_WORK INSTRUCTIONS_
Return every line of the records, exact and in full, until you have returned the line with "Ein Abendblick über", and include none of the pictures.

_Records drawn from a dataset_

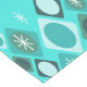 Un âge atomique du milieu du siècle moderne des années 1950 art abstrait avec des starbursts en ovales dans des diamants arrondis. Vert bleu, turquoise, turquoise, bleu clair, vert menthe.
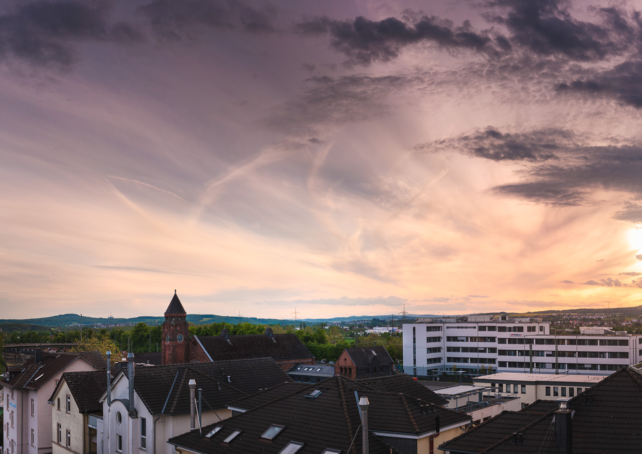 Ein Abendblick über Gießen mit etwas Überblick zu finden ist schwer. Endlich gefunden passte dann auch das Licht nach einem ordentlichen Gewitter! Foto: Felix Hees
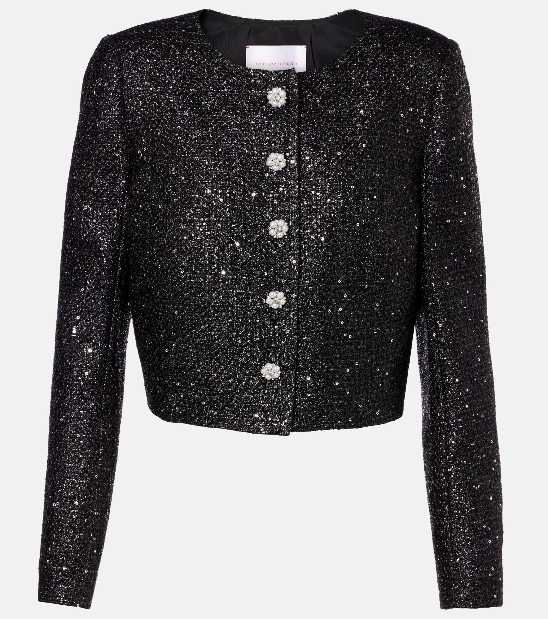 Crowned the best-dressed woman of all time, Carolina Herrera's namesake brand has a fashion prowess that reigns supreme. This tweed jacket is tailored to a cropped silhouette and features sequins, a button-through closure, and sculptural padded shoulders. Product Details - Material: 35% polyamide, 27% metallic fibres, 20% polyester, 9% wool, 9% acrylic - Care instructions: dry clean - Made in Italy - Color: black - Designer color name: Black - Item color: black - Lining: 100% polyester - Shoulder pads - Closure: buttoned front - Item number: P01103765 Size & Fit - True to size - Shoulder pad inserts - Straight fit - Non-stretchy fabric - Cropped - The model seen in the picture is 178cm-5'10" and wearing a size US 4
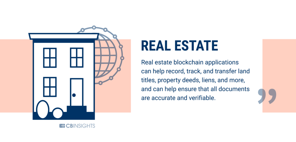 Real estate blockchain applications can help record, track, and transfer land titles, real estate deeds, liens, and more, and help ensure that all documents are accurate and verifiable.
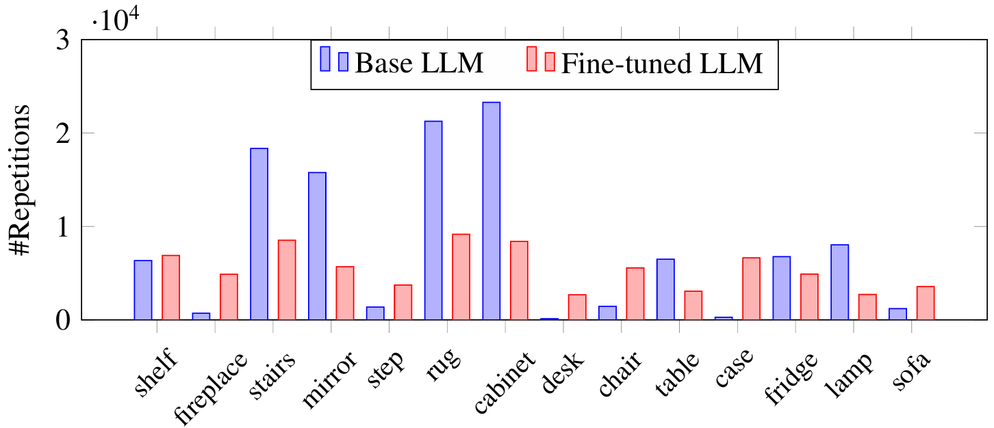 - 对象使用频率:通过统计生成的单步指令中常见对象的使用频率,发现LLM微调可以减少对某些特定对象的偏见,使生成的指令更加平衡。
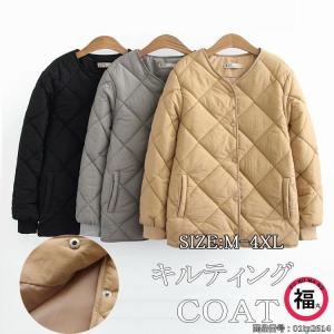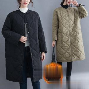 キルティングコート ロングコート レディース アウター 膝丈 防寒 ダウン 中綿 秋 冬アウター 長袖 冬服 キルティングジャケット ノーカラーコート 暖かい

_RESULT OF THE EXERCISE_
 Un âge atomique du milieu du siècle moderne des années 1950 art abstrait avec des starbursts en ovales dans des diamants arrondis. Vert bleu, turquoise, turquoise, bleu clair, vert menthe.
 Ein Abendblick über Gießen mit etwas Überblick zu finden ist schwer. Endlich gefunden passte dann auch das Licht nach einem ordentlichen Gewitter! Foto: Felix Hees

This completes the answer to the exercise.